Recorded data
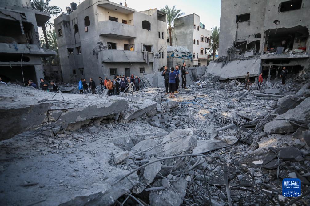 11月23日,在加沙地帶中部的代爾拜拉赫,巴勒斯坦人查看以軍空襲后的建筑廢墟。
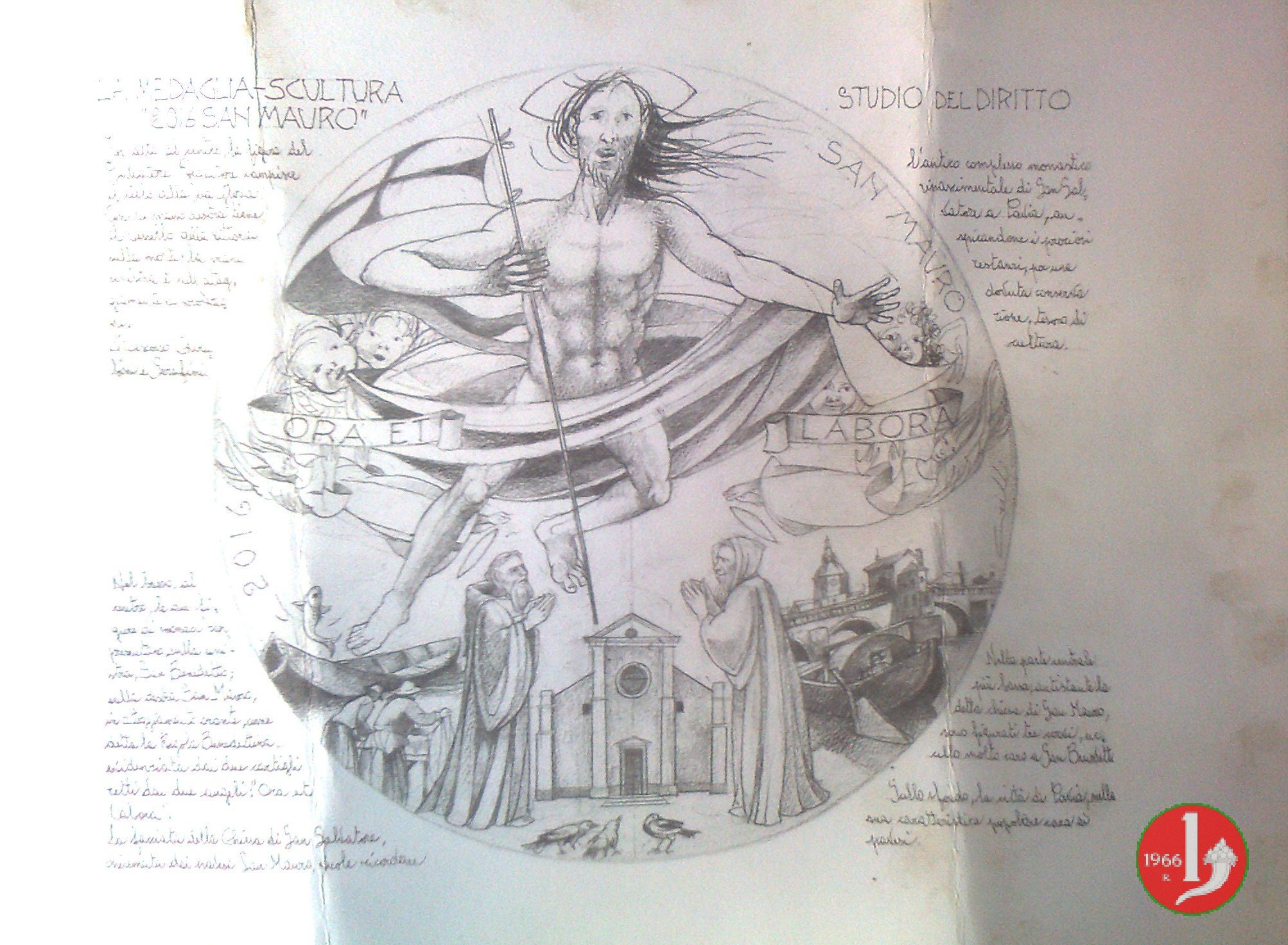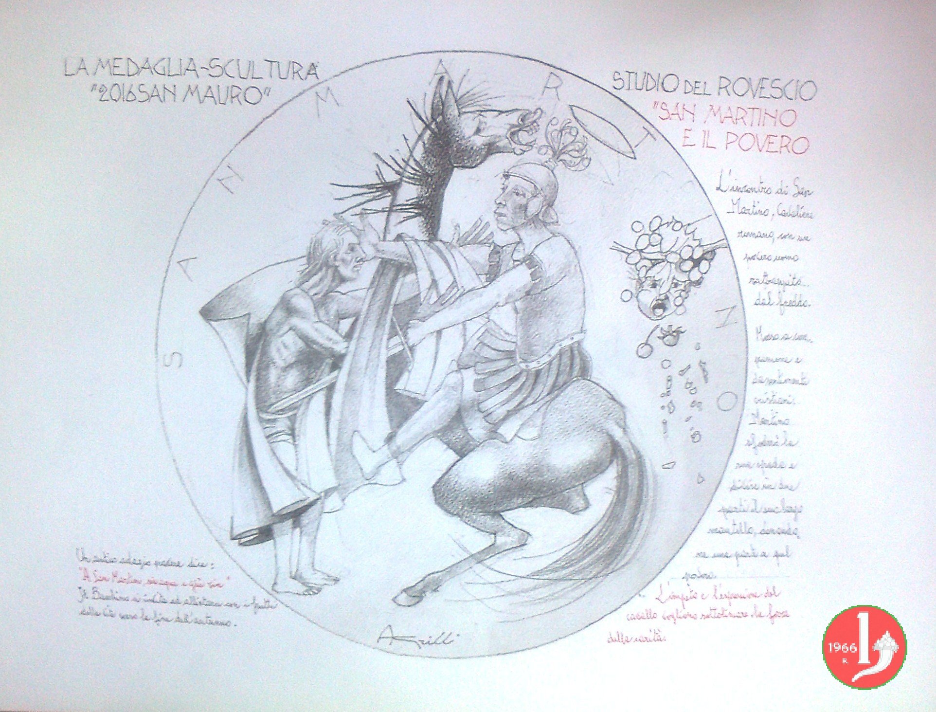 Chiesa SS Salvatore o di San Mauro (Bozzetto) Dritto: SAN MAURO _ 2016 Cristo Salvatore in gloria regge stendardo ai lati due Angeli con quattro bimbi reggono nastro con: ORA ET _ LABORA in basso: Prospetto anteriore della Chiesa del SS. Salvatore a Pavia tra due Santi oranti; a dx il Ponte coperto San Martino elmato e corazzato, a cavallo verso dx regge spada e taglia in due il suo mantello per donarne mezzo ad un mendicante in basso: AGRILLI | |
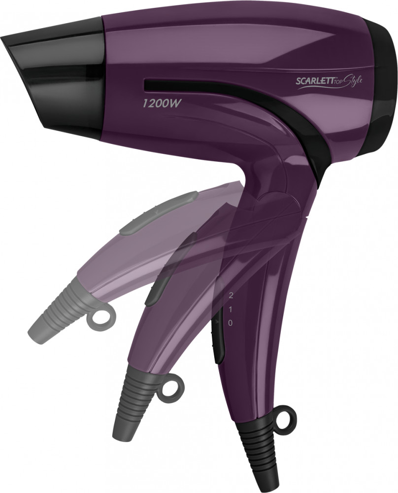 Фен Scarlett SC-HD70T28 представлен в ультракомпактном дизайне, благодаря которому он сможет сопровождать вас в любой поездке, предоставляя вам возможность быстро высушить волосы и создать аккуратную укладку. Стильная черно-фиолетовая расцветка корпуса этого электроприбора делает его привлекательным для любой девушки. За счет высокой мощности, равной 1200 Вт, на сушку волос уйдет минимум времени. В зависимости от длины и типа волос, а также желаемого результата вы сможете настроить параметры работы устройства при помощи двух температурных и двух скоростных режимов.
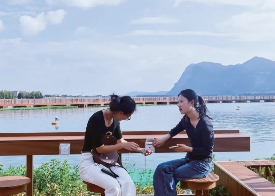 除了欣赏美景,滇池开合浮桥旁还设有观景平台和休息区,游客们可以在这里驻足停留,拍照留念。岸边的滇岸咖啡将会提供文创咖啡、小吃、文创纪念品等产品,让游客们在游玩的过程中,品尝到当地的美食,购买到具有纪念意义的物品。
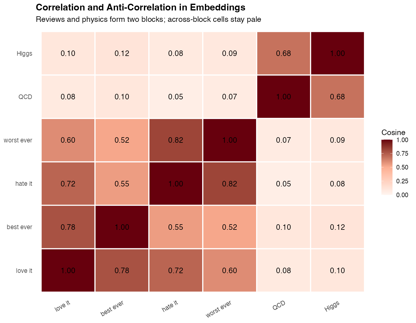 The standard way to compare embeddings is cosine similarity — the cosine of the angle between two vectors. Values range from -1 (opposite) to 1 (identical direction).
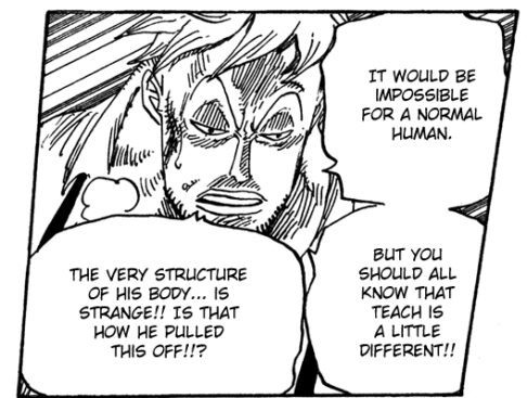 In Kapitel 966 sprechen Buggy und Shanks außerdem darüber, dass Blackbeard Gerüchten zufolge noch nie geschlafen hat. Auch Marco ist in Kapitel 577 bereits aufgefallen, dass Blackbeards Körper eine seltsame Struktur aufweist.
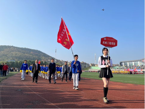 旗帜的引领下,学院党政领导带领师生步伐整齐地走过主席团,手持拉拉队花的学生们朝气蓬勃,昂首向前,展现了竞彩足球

WHAT YOU SHOULD DO> Could you retype every record exactly, leaving the pictures out?

SOLVED PROBLEM>
 11月23日,在加沙地帶中部的代爾拜拉赫,巴勒斯坦人查看以軍空襲后的建筑廢墟。
 Chiesa SS Salvatore o di San Mauro (Bozzetto) Dritto: SAN MAURO _ 2016 Cristo Salvatore in gloria regge stendardo ai lati due Angeli con quattro bimbi reggono nastro con: ORA ET _ LABORA in basso: Prospetto anteriore della Chiesa del SS. Salvatore a Pavia tra due Santi oranti; a dx il Ponte coperto San Martino elmato e corazzato, a cavallo verso dx regge spada e taglia in due il suo mantello per donarne mezzo ad un mendicante in basso: AGRILLI | |
 Фен Scarlett SC-HD70T28 представлен в ультракомпактном дизайне, благодаря которому он сможет сопровождать вас в любой поездке, предоставляя вам возможность быстро высушить волосы и создать аккуратную укладку. Стильная черно-фиолетовая расцветка корпуса этого электроприбора делает его привлекательным для любой девушки. За счет высокой мощности, равной 1200 Вт, на сушку волос уйдет минимум времени. В зависимости от длины и типа волос, а также желаемого результата вы сможете настроить параметры работы устройства при помощи двух температурных и двух скоростных режимов.
 除了欣赏美景,滇池开合浮桥旁还设有观景平台和休息区,游客们可以在这里驻足停留,拍照留念。岸边的滇岸咖啡将会提供文创咖啡、小吃、文创纪念品等产品,让游客们在游玩的过程中,品尝到当地的美食,购买到具有纪念意义的物品。
 The standard way to compare embeddings is cosine similarity — the cosine of the angle between two vectors. Values range from -1 (opposite) to 1 (identical direction).
 In Kapitel 966 sprechen Buggy und Shanks außerdem darüber, dass Blackbeard Gerüchten zufolge noch nie geschlafen hat. Auch Marco ist in Kapitel 577 bereits aufgefallen, dass Blackbeards Körper eine seltsame Struktur aufweist.
 旗帜的引领下,学院党政领导带领师生步伐整齐地走过主席团,手持拉拉队花的学生们朝气蓬勃,昂首向前,展现了竞彩足球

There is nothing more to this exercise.